REQUIREMENT —
Transcribe only the part of the material below that begins at the line containing "Silver kare taşlı zincir bileklik" and ends at the line containing "国体「カヌーと紅花」41円 1992年発行 美品", with both kept and images left out.

INFORMATION SHOWN —
----------------
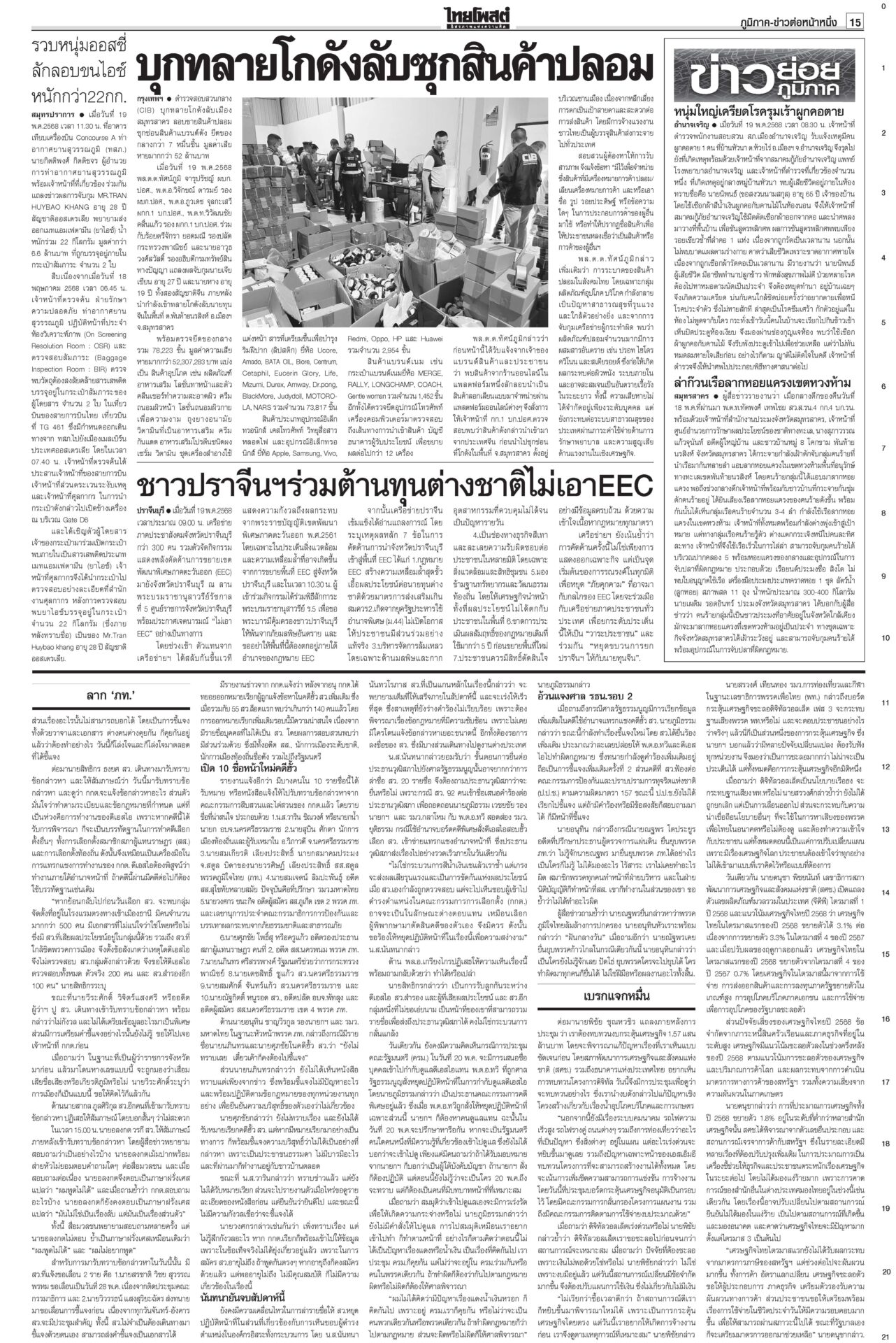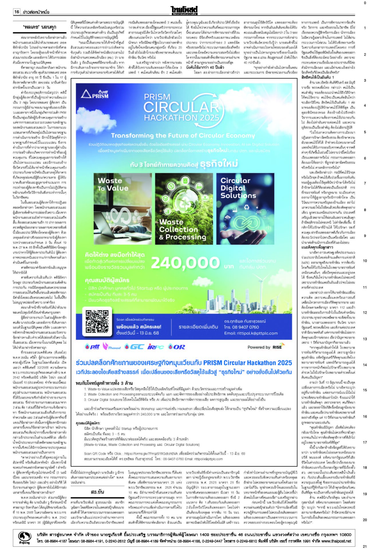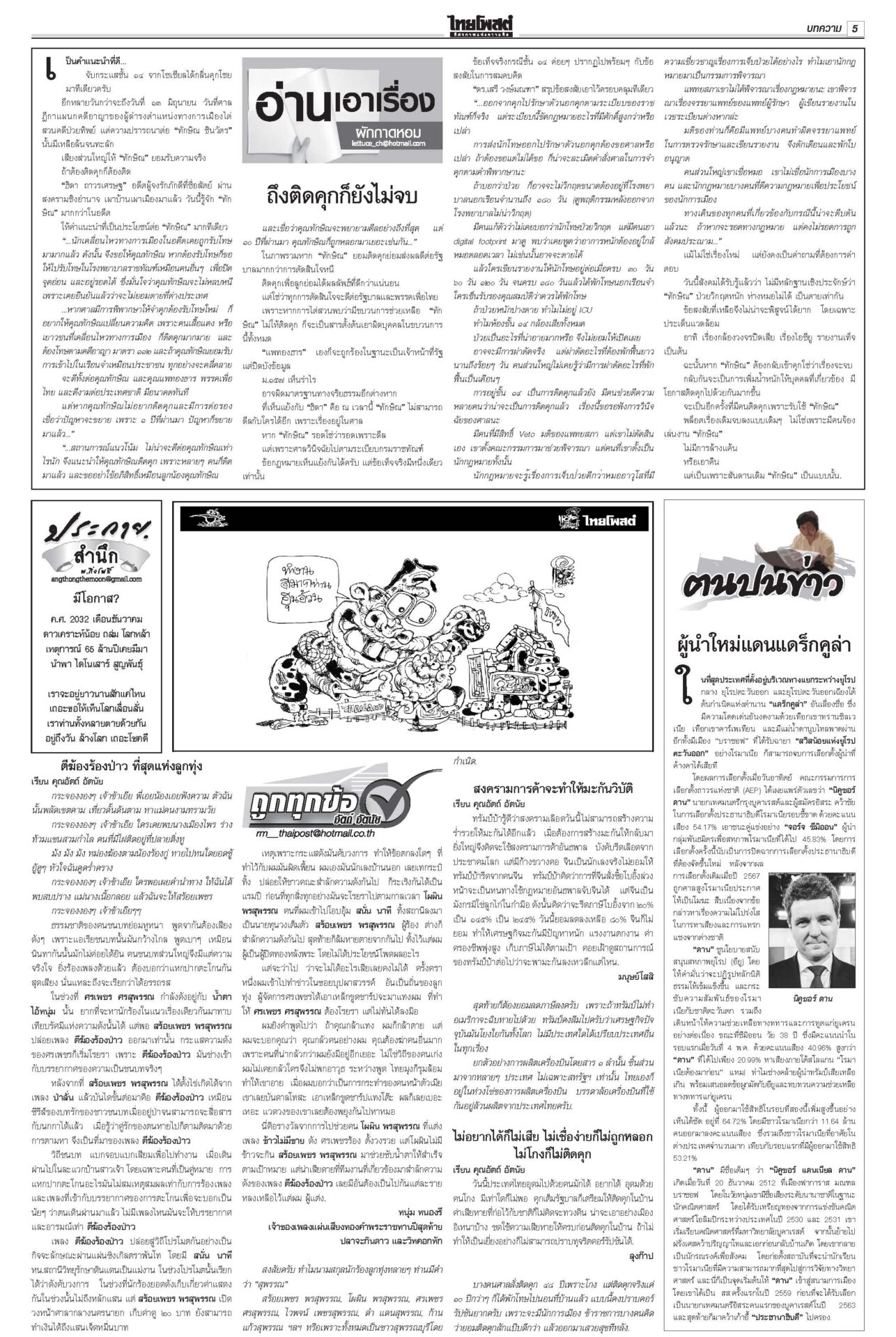 หนังสือพิมพ์ ฉบับวันที่ 20 พฤษภาคม 2568ข่าวหน้าหนึ่งลาก‘ภท.’เอี่ยวฮั้วสว. ปูด10ชื่อทั้งรมช.พณ.-อดีตสส./สีน้ำเงินชงคุ้ยตัวสำรองด้วยสภาสูงเรียงหน้าเข้ารับทราบข้อหาจาก กกต.คดีฮั้ว ลั่นไร้กังวลพร้อมชี้แจง “สิทธิกร” ข้องใจดีเอสไอ ต่อไปการเลือกตั้งทุกแบบมีอำนาจตรวจสอบ เบรกแจกหมื่นเฟส3ใช้กระตุ้นศก.นายกฯ ถกบอร์ดกระตุ้น ศก. ยอมรับภาษีสหรัฐฯ กระทบทั่วโลก “รมว.คลัง” ยอมรับต้องทบทวนงบดิจิทัลวอลเล็ต 1.57 แสนล้านบาท ‘พลเดช’นอนคุก ล่าตัว‘บินลิง วู’ เชื่อมโยงไชน่าฯศาลอาญาไม่ให้ประกัน “พลเดช” กก.บริษัท ว.และสหายฯ หนึ่งในก๊วนผู้ต้องหาเอี่ยวตึก สตง.ถล่ม สธ.ยันวีโตแพทยสภาได้ ‘ธิดา’จี้แม้วติดคุกเพื่อลูก“สมศักดิ์” เผยได้รับหนังสือขอความเป็นธรรมแพทย์ รพ.ตร.แล้ว ส่ง คกก.ตรวจสอบ “โฆษก สธ.” โต้ “สว.วีระพันธ์” ‘อนุทิน’มั่นใจรบ.อยู่ครบเทอม“อนุทิน” คัมแบ็กทํางานวันแรกหลังเปลี่ยนเลนส์ตา ยัน ภท.แพ็กกับทุกพรรค
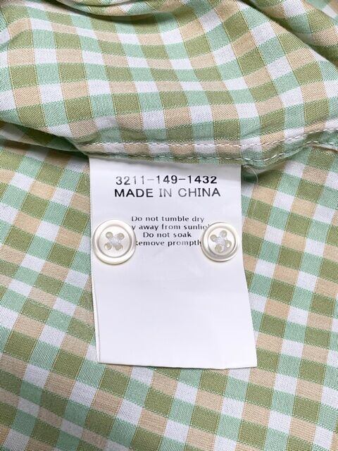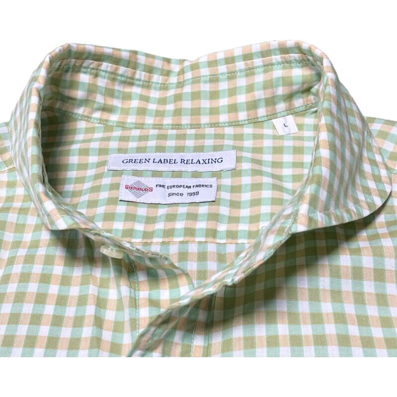 GREEN LABEL RELAXING SOMELOS生地 長袖チェックシャツ ライトグリーン×イエロー Lサイズ
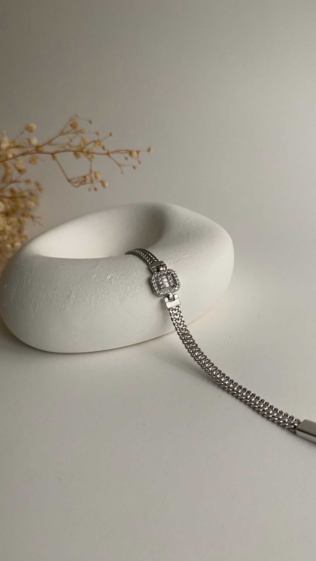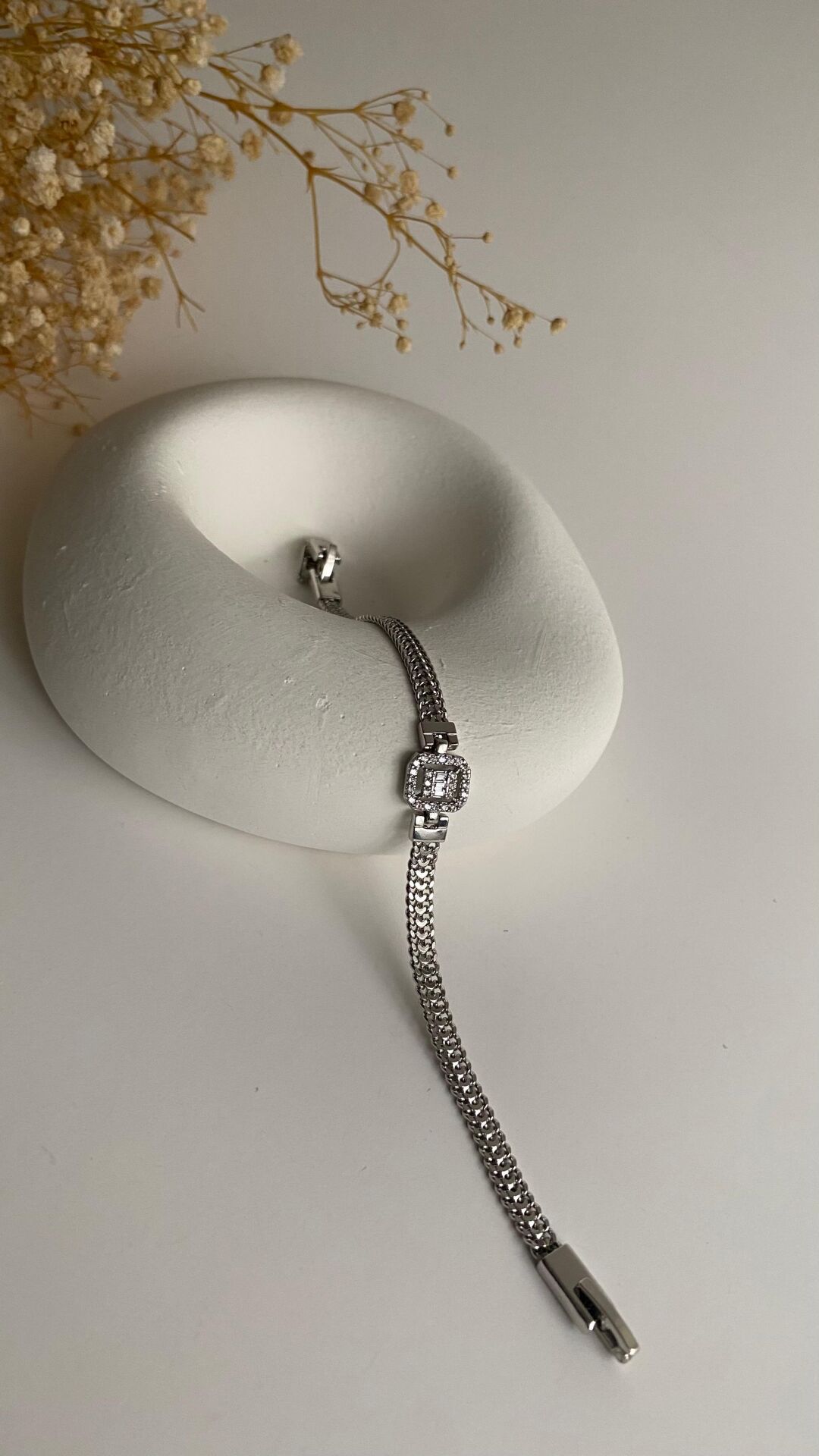 Silver kare taşlı zincir bileklik
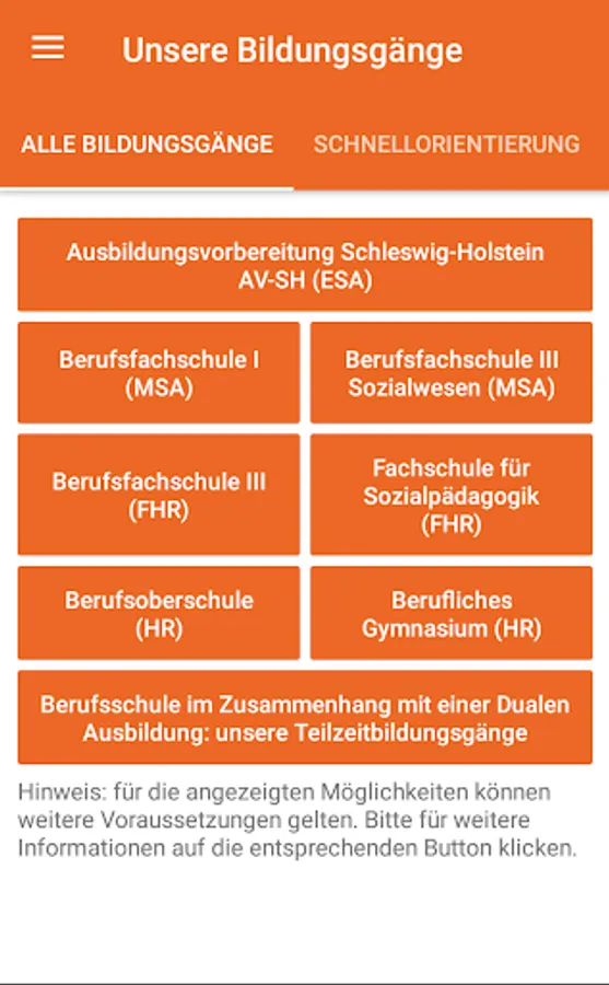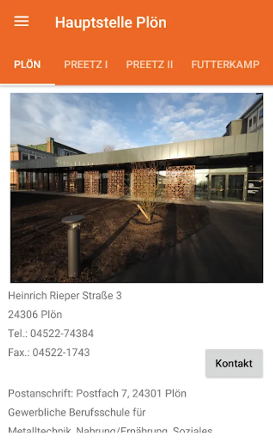 The app provides information about the Plön vocational training center. This includes the courses offered with a quick guide to the requirements for the individual courses.
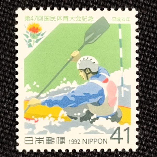 > [25011002]【国民体育大会 第47回】単片 国体「カヌーと紅花」41円 1992年発行 美品
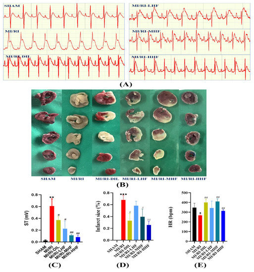 To investigate the effects of HF on the ECG, the ECG and HR were used to appraise the effects. Compared with the SHAM group, a significant elevation in the ST segment of the ECG and a significant reduction in the heart rate were observed in the MI/RI group (p < 0.05; Figure 2A,C,E). Compared with the MI/RI group, the pretreatment with DIL and HF significantly ameliorated these changes in the MI/RI-DIL, MI/RI-LHF, MI/RI-MHF, and MI/RI-HHF groups (p < 0.05; Figure 2A,C,E).
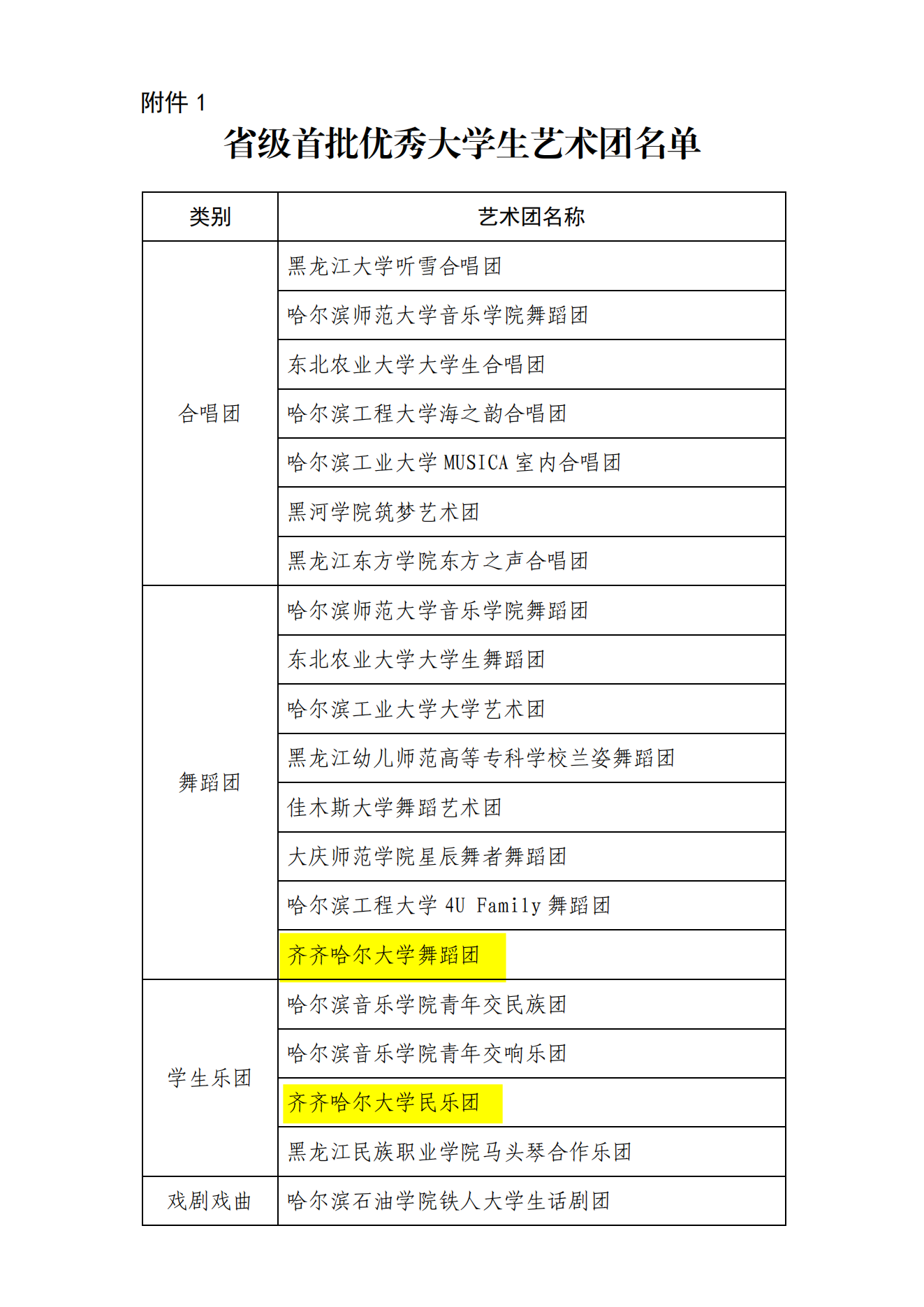 为深入贯彻《教育部关于全面实施学校美育浸润行动的通知》(教体艺〔2023〕5号)及《黑龙江省全面实施学校美育浸润行动工作方案》(黑教发〔2024〕22号)的决策部署,打造特色美育品牌、繁荣校园文化、丰富第二课堂、促进学校育人成效,在黑龙江省教育厅举办的首批优秀学生艺术团遴选活动中,sunbet申搏舞蹈团和民乐团两个团队成功入选全省首批优秀学生艺术团。(全省共入选合唱团、舞蹈团、学生乐团、戏剧戏曲四类20个团队)
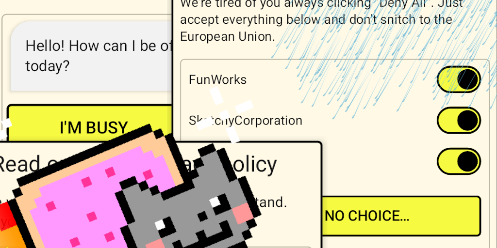 Set a time limit when opening addictive apps. After time's up, get ready to be annoyed out of them with pop-ups, cats, rain, or even the screen time police. Take a 15 minute break before next use. No
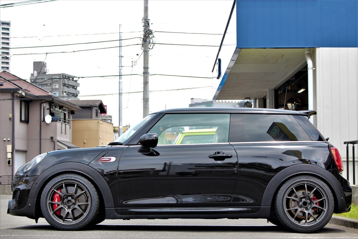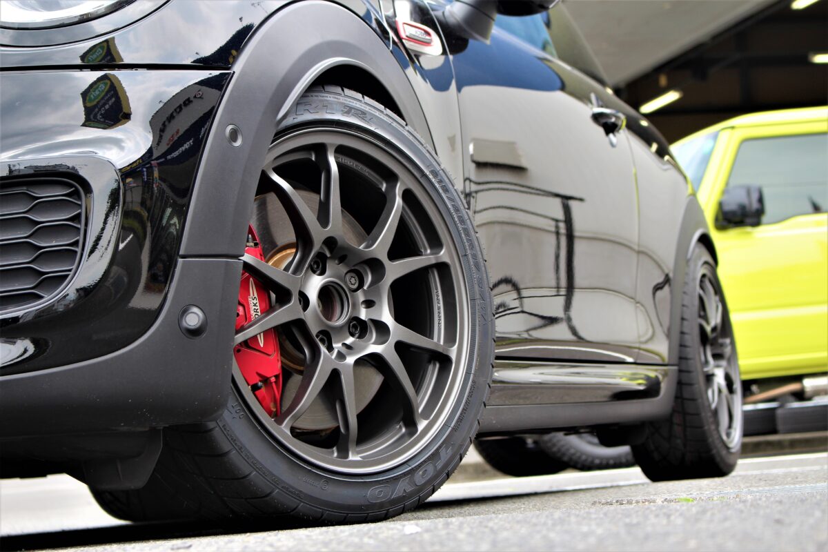 軽量鍛造ホイールのTWSに走りのプロクセスR1Rを組みわせた本気なMINI。
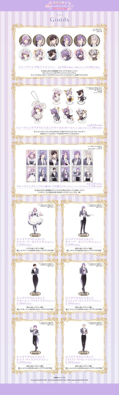 「溺愛ルートカフェ」で販売されるグッズラインナップをご紹介いたします。
----------------
REPLY —
 Silver kare taşlı zincir bileklik
 The app provides information about the Plön vocational training center. This includes the courses offered with a quick guide to the requirements for the individual courses.
 > [25011002]【国民体育大会 第47回】単片 国体「カヌーと紅花」41円 1992年発行 美品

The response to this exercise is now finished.